In December, the TUSD board voted unanimously to remove the high school course, Ethics, Economy, and Entrepreneurship, from its curriculum. The course was created by faculty at UA's Freedom Center, the local outpost of the Koch networks' nationwide web of think tanks and university centers. The effort to get the course out of TUSD was led by a local group, Kochs Off Campus.

That's the short version of a much longer story. You can read more here.

That left three local districts, Amphitheater, Vail and Sahuarita, still offering the course, as well as a small number of charter and private schools.

Now you can cross Amphi off the list as well, for the moment anyway.

After its successful efforts convincing TUSD the course didn't belong in the district curriculum, Kochs Off Campus turned its attention to Amphi. The group's members sent Freedom of Information requests to the district asking for relevant records and emails, spoke at two recent board meetings and sent a number of emails expressing specific concerns about the course.

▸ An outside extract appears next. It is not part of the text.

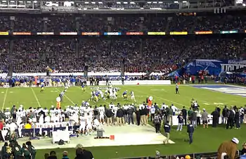The Bears and the Warhawks had never met prior to this Friday night game in the fourth week of the 2012 season.[6] In the preceding two weeks, the Warhawks had stunned the college football world by defeating then #8 Arkansas 34–31 in overtime and taking Auburn to overtime in a 31–28 loss at Auburn.[7][8] With excitement surrounding the Louisiana-Monroe program at an all-time high, the Bears traveled to Monroe to face the Warhawks in their home opener before a Malone Stadium-record crowd of 31,175. ULM struck first, capitalizing on two interceptions to take a 14–0 lead in the 1st quarter. Baylor outscored the Warhawks 34–14 in the next two quarters, and took a 34–28 lead into the fourth with ULM driving. The Warhawks would score on their drive spanning the third and fourth quarters to go ahead 35–34, but the Bears would answer with a 14-play, 73-yard drive of their own to go ahead 40–35 (a two-point conversion attempt failed). Baylor subsequently forced a fumble and drove down the field for another touchdown to make the score 47–35. ULM, fighting to the end, struck back to score a touchdown and pull within 5 points of Baylor; however, with only 6 seconds remaining, the subsequent onside kick was recovered by the Bears. The victory represented Baylor's ninth consecutive win, which at the time was the second-longest winning streak in the nation behind TCU. The game also represented the Bears' seventh consecutive game in which they scored more than 40 points.[9]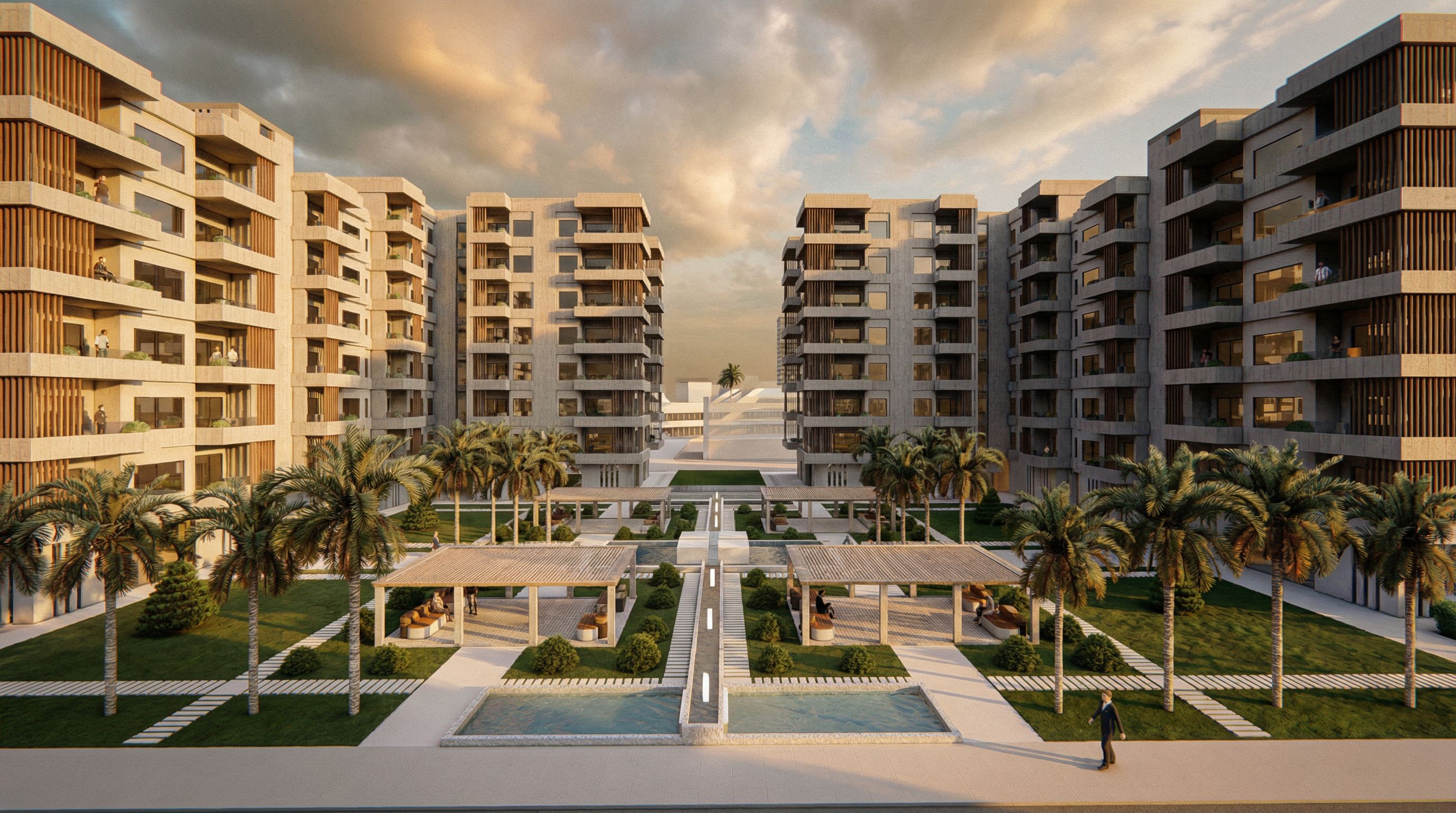 PromptPhoto of a modern residential complex featuring multiple contemporary apartment buildings with balconies. Architectural details include textured concrete facades, wooden accents, and large glass windows. The urban setting encompasses green landscaped areas with palm trees, a swimming pool, and shaded seating zones. The scene is illuminated by soft afternoon sunlight, casting gentle shadows and enhancing the textures of the materials. Captured from a low angle to emphasize the height of the buildings, using a wide-angle lens for a dynamic perspective of the surrounding landscape.

Monday, April 22, Amphi Superintendent Todd Jaeger wrote an email to members of Kochs Off Campus saying the course will not be taught at Ironwood Ridge High School next year, the only school in the district currently offering it. The reason, he wrote, is that not enough students signed up.

"Interest in the course, quite frankly, has waned and can no longer justify its continuation based on enrollment alone." According to Jaeger, that means there is no reason to discuss the issue further. "Thus, the matter is rather moot at this point," he wrote, "without even getting to the merits of concerns raised with respect to the course or its materials."